4 Design of Policy-based Publish/Subscribe SOA Framework

We now present a framework that has been specifically designed to address the information management requirements of ehealth monitoring processes in a B2B environment. It incorporates a few basic extensions to the traditional SOA approach. The framework has been implemented as a prototype to specifically address pain management for palliative care based on a case study at the local health authority [36]) in Ottawa, Canada. In our initial approach to the problem, we reviewed an ERP Web Portal system that had been proposed for the local health authority, with the intention of proposing a traditional SOA BPEL framework. However, we quickly found that such a framework was not well suited for applications focused on sharing and monitoring event data between different organization partners in a B2B network. As a result, we were forced to develop extensions to the traditional SOA work that focused more on data integration and policy automation and less on automation of transactional processes. These extensions are described in this section.

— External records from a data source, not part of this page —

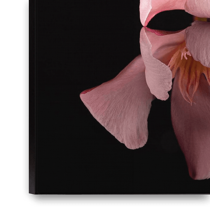 Eine Nahaufnahme des wunderschönen rosa Nerium Oleander. Nur in Nahaufnahme kann man sehen, wie schön und gedaileerd die Blume ist. Das Foto wurde vor einem schwarzen Hintergrund und auf einer reflektierenden schwarzen Platte aufgenommen. So ist ein Foto entstanden, das auf einer dunklen Wand großartig aussieht, aber natürlich auch…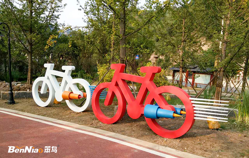 赤水河谷國(guó)家級(jí)旅游度假區(qū)騎行自行車雕塑小品、玻璃鋼騎行自行車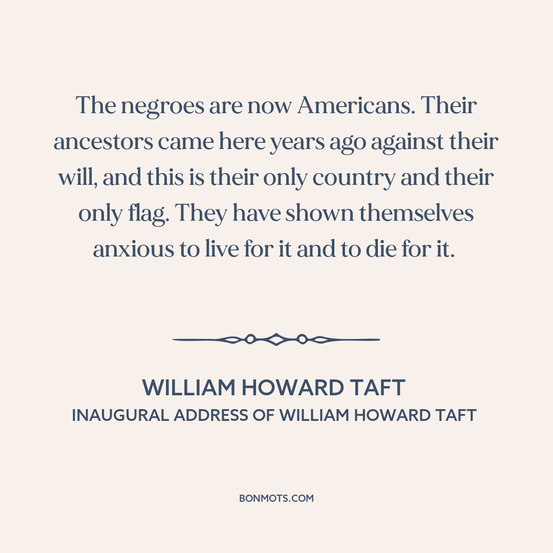 The negroes are now Americans. Their ancestors came here years ago against their will, and this is their only country and their only flag. They have shown themselves anxious to live for it and to die for it.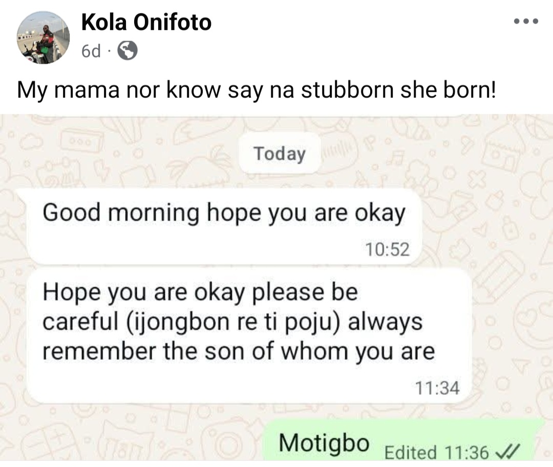 Just 5 days before he di£d in a lone accident while attempting his first interstate travel on his motorcycle, Kola shared a screenshot of his WhatsApp chat with his mother.

Figure 4 shows the architectural template for our framework which implements the event-driven data integration component shown at the center of the scenario in figure 1. All data sharing between the participants (physician, nurse, patient, case worker, surveillance portal) in the figure 1 scenario is accomplished through a publish-subscribe style interaction with a centrally controlled Policy-based Message Broker installed on a server and accessible via SOAP over HTTPs.


Each participant has a monitoring device, laptop, desktop, or server computer associated with them on which a Partner Service Component is installed that manages their interaction with the Message Broker. The Partner Service Component can publish a continuous stream of events associated with a participant to the Message Broker. At the same time, it also enables the participant to subscribe to a continuous stream of events, generated by other participants that are delivered to the Partner Service Component by the Message Broker. These events are transmitted as messages, with published messages being sent from an Outbox managed by the Partner Service Component, and subscribed messages being delivered to an Inbox.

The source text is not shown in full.